──────── GIVEN DATA
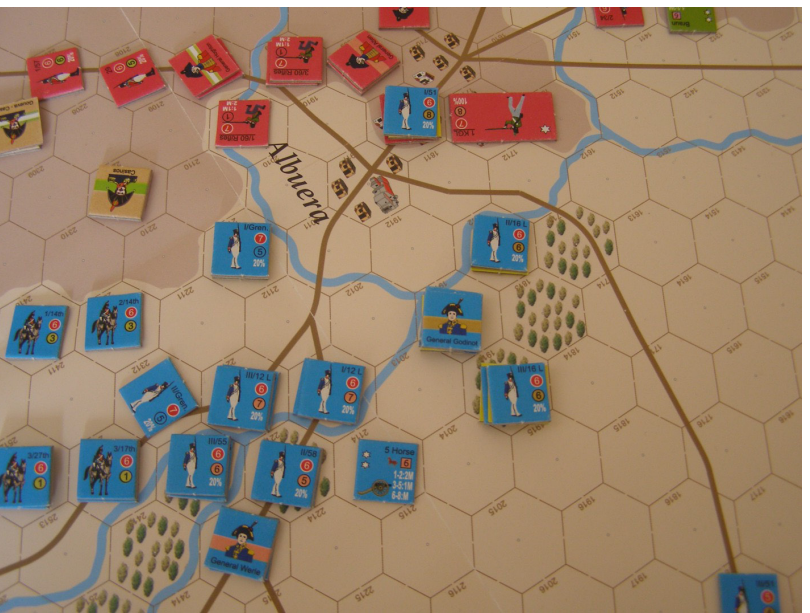
Moreover, brigades of Generals Werle and Godinot attacked Albuera and captured British Sympher battery in Albuera village.
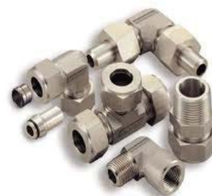
Bite Type Fittings
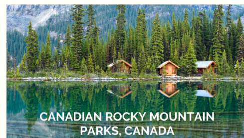
CANADIAN ROCKY MOUNTAIN PARKS, CANADA
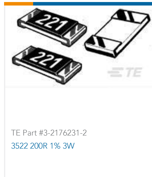
TE Part #3-2176231-2 3522 200R 1% 3W
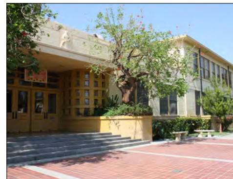
We will hold the October 13 L.A. Historic Neighborhoods Conference at Lincoln High School in Lincoln Heights.
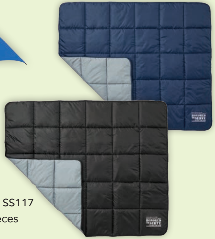
Puffy Outdoor Blanket, SS117 Minimum Order: 30 pieces Starting at $27.99
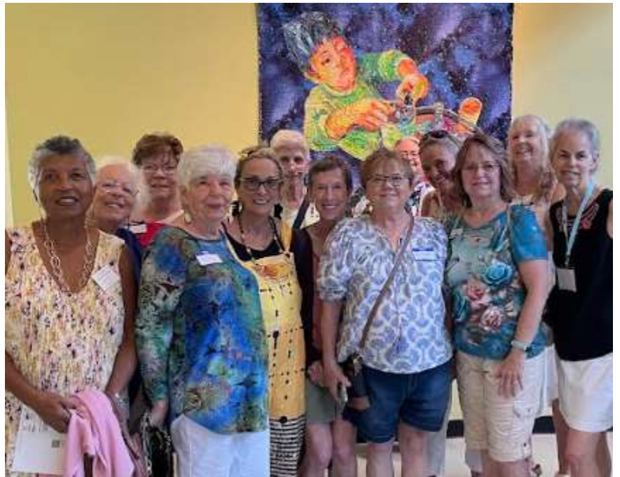
(Below) The happy group at Dunedin Fine Arts Center.
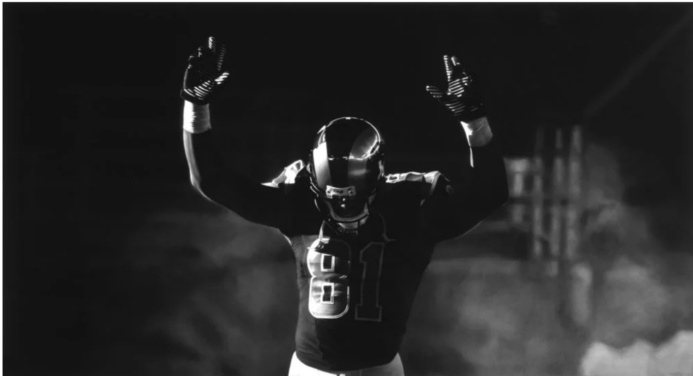
Robert Longo, Untitled (St. Louis Rams/Hands Up) (2015). charcoal mounted on paper, 65 x 120 inches© Robert Longo, Collection of the artist.

Terence Trouillot ( https://news.artnet.com/about/terence-trouillot-602 ), September 22, 2017
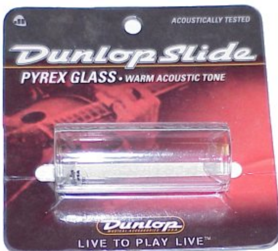
Pyrex Glass Slide, Medium Wall, Medium

Dunlop Tempered Glass Slides offer a warmer, thicker tone accentuating the middle harmonics of your sound. Processed from high quality boron silicate. Heat treated and annealed for a flawless tube.
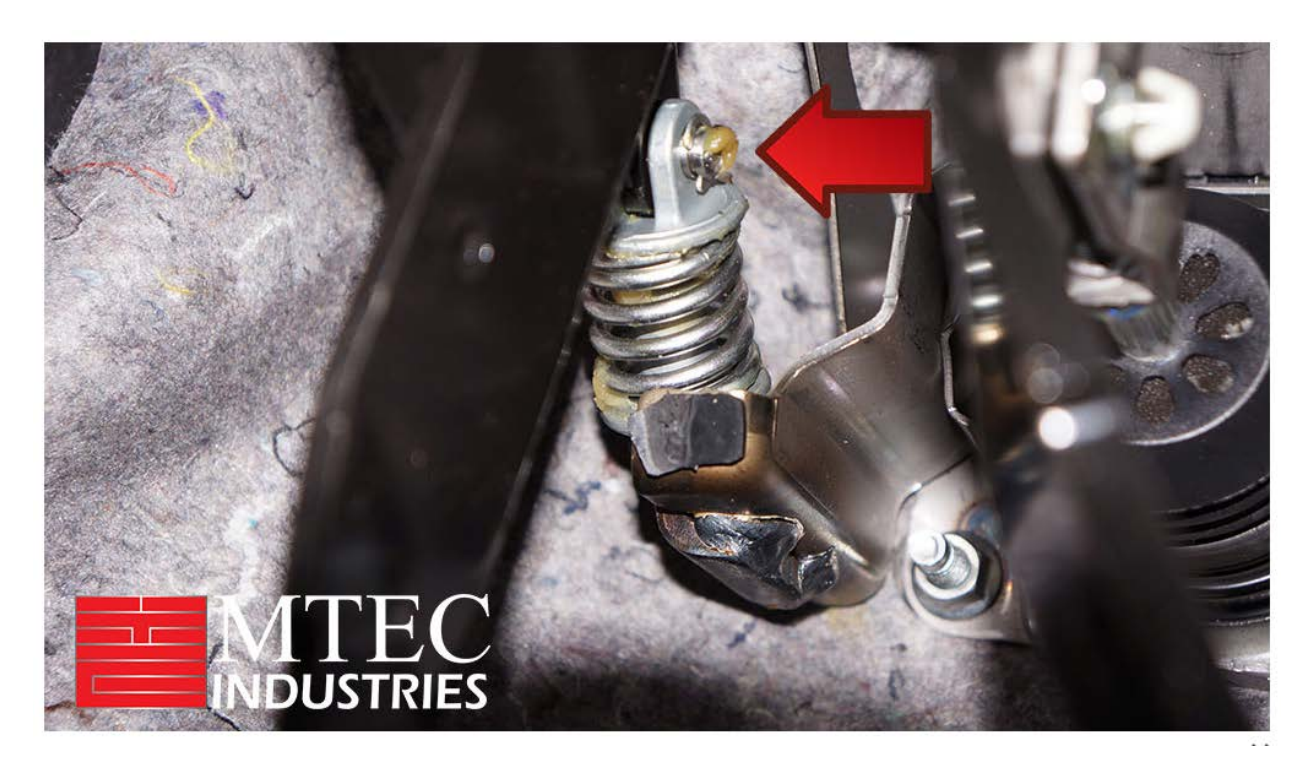
Remove C Clip.

Wipe clean of any grease around the area.
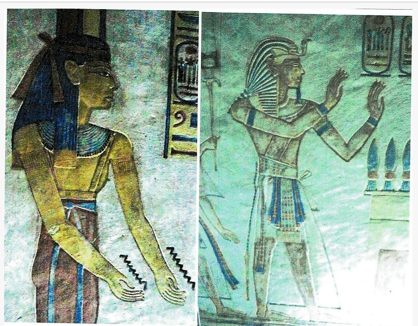
Goddess & Pharaoh with right & left hands

The image of the goddess from a tomb in the Valley of the Queens has two left hands and jagged lines are shown above her outstretched arms and hands. The conventional translation of this hieroglyphic symbol is "water." Sometimes this symbol has a single jagged line, sometimes two
────────────────
### WORK TO BE COMPLETED
The line with "Remove C Clip." and each line after it, through the final line of the data, are to be duplicated exactly, with pictures left out and nothing more included.

### SOLUTION TO THIS TASK
Remove C Clip.

Wipe clean of any grease around the area.
Goddess & Pharaoh with right & left hands

The image of the goddess from a tomb in the Valley of the Queens has two left hands and jagged lines are shown above her outstretched arms and hands. The conventional translation of this hieroglyphic symbol is "water." Sometimes this symbol has a single jagged line, sometimes two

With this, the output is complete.